*** Opening of DATA BLOCK ***

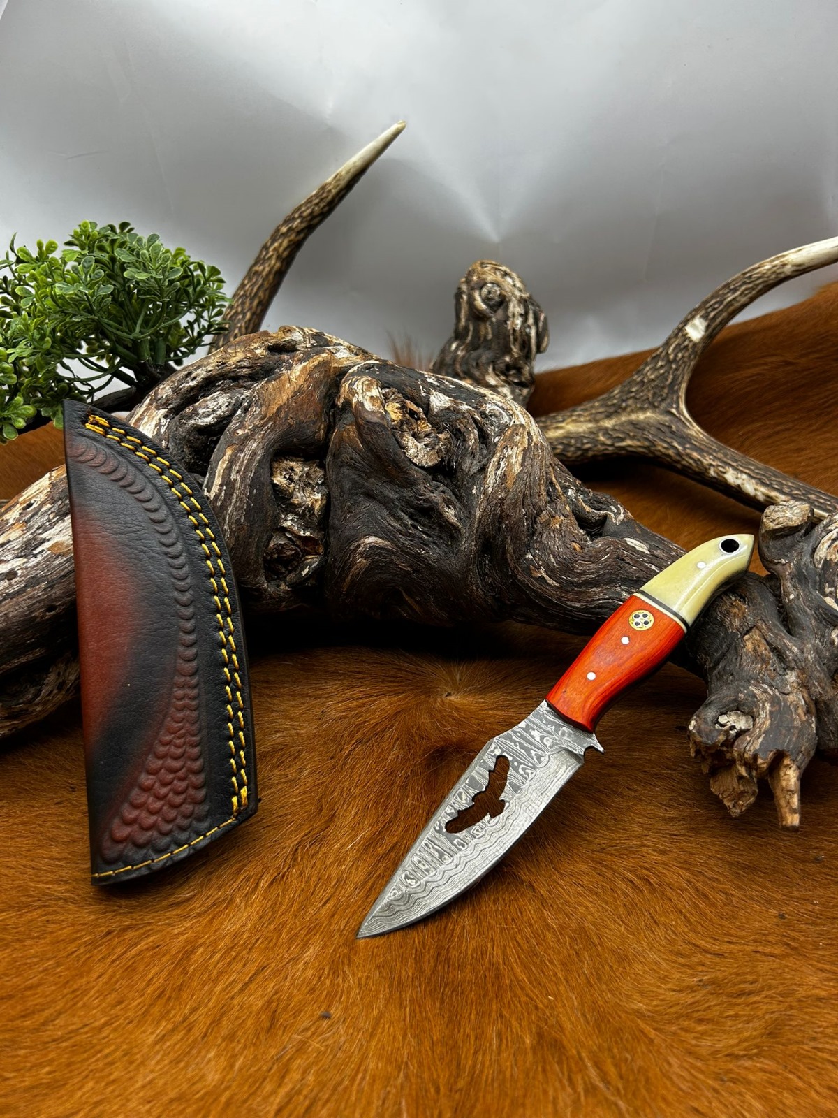 Magnifique couteau Bowie “Rite-Edge” lame acier damas manche en OS coloration imprégner avec étui en cuir ref V20
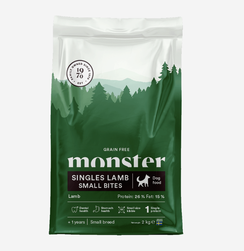 Monster Singles Lamb small bites är ett spannmålsfritt torrfoder med hög kötthalt och smakrikt innehåll. Perfekt för vuxna och normalaktiva hundar av mindre raser som mår bra av att enbart äta en proteinkälla! Fodret är extra anpassat till små raser då bitarna är mindre.
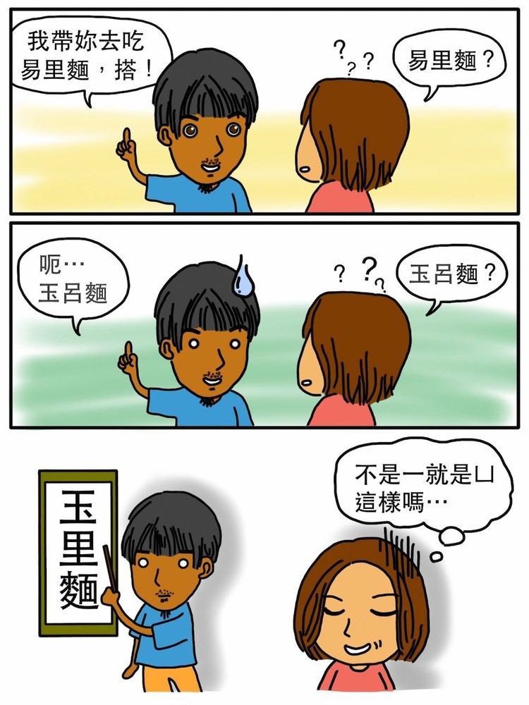 阿米斯媳婦 2017/03/15瀏覽: views 洛洛有他自己獨特的國語發音方式,跟台灣很多其他語系一樣(台語啦,客家語啦),要讀國語時也都有屬於他們獨樹一格的發音方式,剛開始交往時還不太習慣,常常都無法理解他要講什麼 **第一個洛洛對話框的「搭!」是阿美族語(ta)走了!的意思 像這樣ㄧ跟ㄩ的混淆,有時候我都得趕緊補上翻譯才能避免紛爭 XD 到現在相處久了,大概都知道聽這個詞要表達的是什麼意思,不過遇上一些生活少講的詞彙,還是一樣會變成雞同鴨講的局面地~ 很多趣事在『阿米斯媳婦』! Related Items原住民阿米斯媳婦阿美族 好有趣 2017/03/15瀏覽: views 阿米斯媳婦 分享平地人老婆+阿米斯老公的生活趣事,一起感受原民魅力吧! ■聯絡信箱:miahear@gmail.com ■FB粉絲團:https://www.facebook.com/livewithamis Related Items原住民阿米斯媳婦阿美族 next page

*** Close of DATA BLOCK ***

PROBLEM DESCRIPTION: Make an exact copy of the lines from the top of the material through the line with "Monster Singles Lamb", pictures excluded.

RESPONSE AREA:
 Magnifique couteau Bowie “Rite-Edge” lame acier damas manche en OS coloration imprégner avec étui en cuir ref V20
 Monster Singles Lamb small bites är ett spannmålsfritt torrfoder med hög kötthalt och smakrikt innehåll. Perfekt för vuxna och normalaktiva hundar av mindre raser som mår bra av att enbart äta en proteinkälla! Fodret är extra anpassat till små raser då bitarna är mindre.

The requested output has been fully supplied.